We think you need these skills to ace Data Quality Analyst
Some tips for your application 🫡
Tailor Your CV: Make sure your CV speaks directly to the Data Quality Analyst role. Highlight your relevant experience with data quality, profiling, and any tools like SQL or Python that you’ve used. We want to see how your skills align with what we’re looking for!
Craft a Compelling Cover Letter: Your cover letter is your chance to shine! Use it to explain why you’re passionate about data quality and how you can contribute to our mission at Multiplex. Keep it concise but impactful—let us know why you’re the perfect fit!
Showcase Your Projects: If you’ve worked on any projects related to data quality or migration, don’t hold back! Share specific examples in your application that demonstrate your hands-on experience and problem-solving skills. We love seeing real-world applications of your expertise.
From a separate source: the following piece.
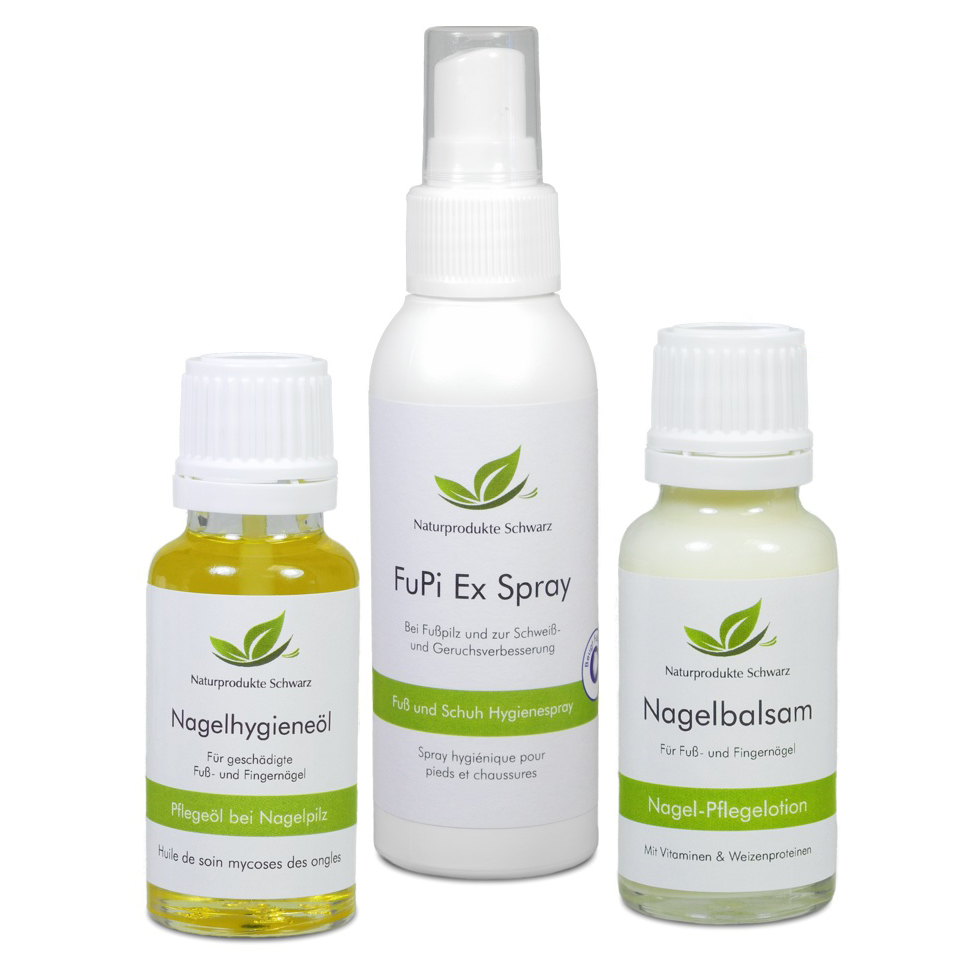 Nagelpflege-Set bei Nagelpilz Set-Inhalt – Nagelhygiene-Öl bei Nagelpilz, 20 ml – FuPi Fußpilz Spray, 100 ml – Nagelbalsam, 20 ml

Apply Through Our Website: We encourage you to apply through our website for a smoother process. It helps us keep track of your application and ensures you don’t miss out on any important updates. Plus, it’s super easy—just a few clicks and you’re done!
How to prepare for a job interview at Multiplex
✨Know Your Data Inside Out
Before the interview, dive deep into data quality concepts and tools like SQL, Python, and Databricks. Be ready to discuss how you've used these in past projects, especially in data profiling and cleansing.
✨Showcase Your Problem-Solving Skills
Prepare examples of how you've identified and resolved data quality issues. Use the STAR method (Situation, Task, Action, Result) to clearly articulate your thought process and the impact of your actions.
✨Understand Their Business Needs
Research Multiplex and their projects to understand their data challenges. Be prepared to discuss how you can translate business needs into measurable data quality requirements that align with their goals.
✨Ask Insightful Questions
At the end of the interview, ask questions that show your interest in their data governance practices and how they measure data quality success. This demonstrates your proactive approach and eagerness to contribute.